# What you are asked to do
Omit all pictures, then retype the data exactly as given.

# Given data
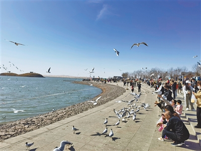 随着气温的回暖,成百上千的红嘴鸥沿着迁徙路线再度光临乌海湖。它们在碧波荡漾的湖面上逐水嬉戏、展翅翱翔,湖岸边,市民游客们争相与这些“水上精灵”互动合影。美好和谐的人鸟互动场景让乌海春天的气息更加浓郁。
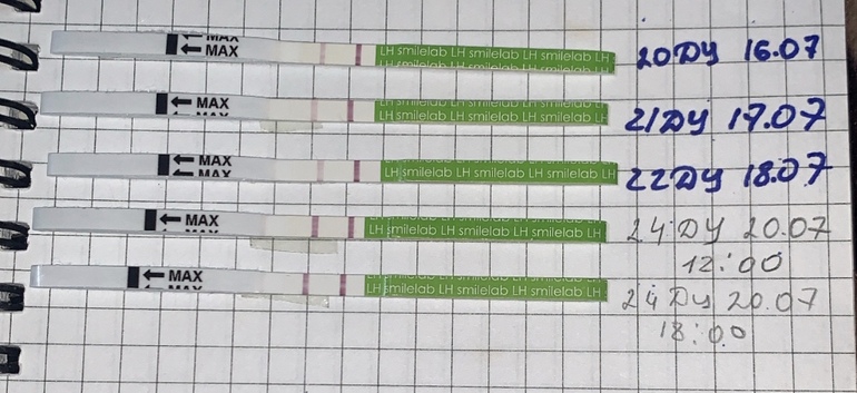 Два дня не делала тест на овуляцию и сегодня сделала и выдал две полоски , сегодня 24 дц , в среднем цикл до 38-39 дней ...В прошлом месяце была поздняя овуляция и цикл 60 дней ...
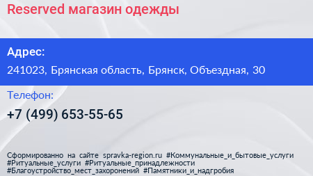 Reserved, магазин одежды по адресу 241023, Брянская область, Брянск, Объездная, 30 в дальнейшем Организация, размещена в следующих категориях:
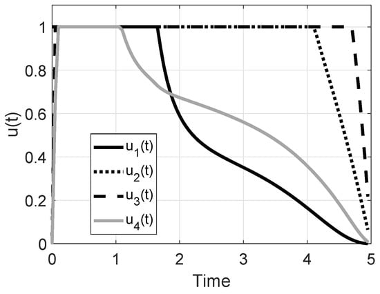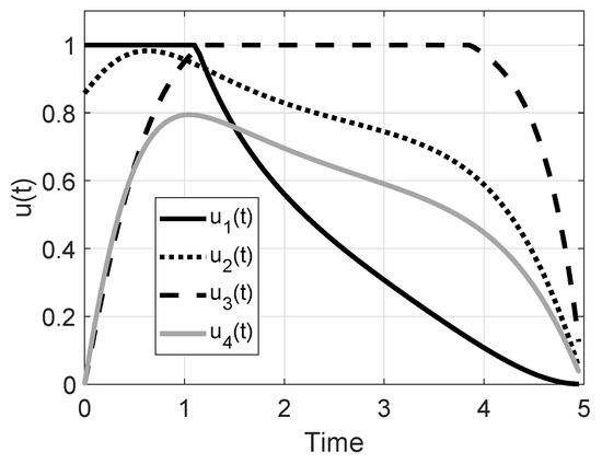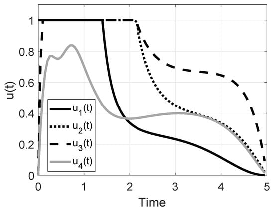 In Figure 10 the optimal controls , are shown for Case 1. The epidemic spread is not a risky one, the value of being small; nevertheless, the control actions allow the decrease of the number of subjects , , , as well as of the individuals, which also decreases without control, but less rapidly.

# Task output
 随着气温的回暖,成百上千的红嘴鸥沿着迁徙路线再度光临乌海湖。它们在碧波荡漾的湖面上逐水嬉戏、展翅翱翔,湖岸边,市民游客们争相与这些“水上精灵”互动合影。美好和谐的人鸟互动场景让乌海春天的气息更加浓郁。
 Два дня не делала тест на овуляцию и сегодня сделала и выдал две полоски , сегодня 24 дц , в среднем цикл до 38-39 дней ...В прошлом месяце была поздняя овуляция и цикл 60 дней ...
 Reserved, магазин одежды по адресу 241023, Брянская область, Брянск, Объездная, 30 в дальнейшем Организация, размещена в следующих категориях:
 In Figure 10 the optimal controls , are shown for Case 1. The epidemic spread is not a risky one, the value of being small; nevertheless, the control actions allow the decrease of the number of subjects , , , as well as of the individuals, which also decreases without control, but less rapidly.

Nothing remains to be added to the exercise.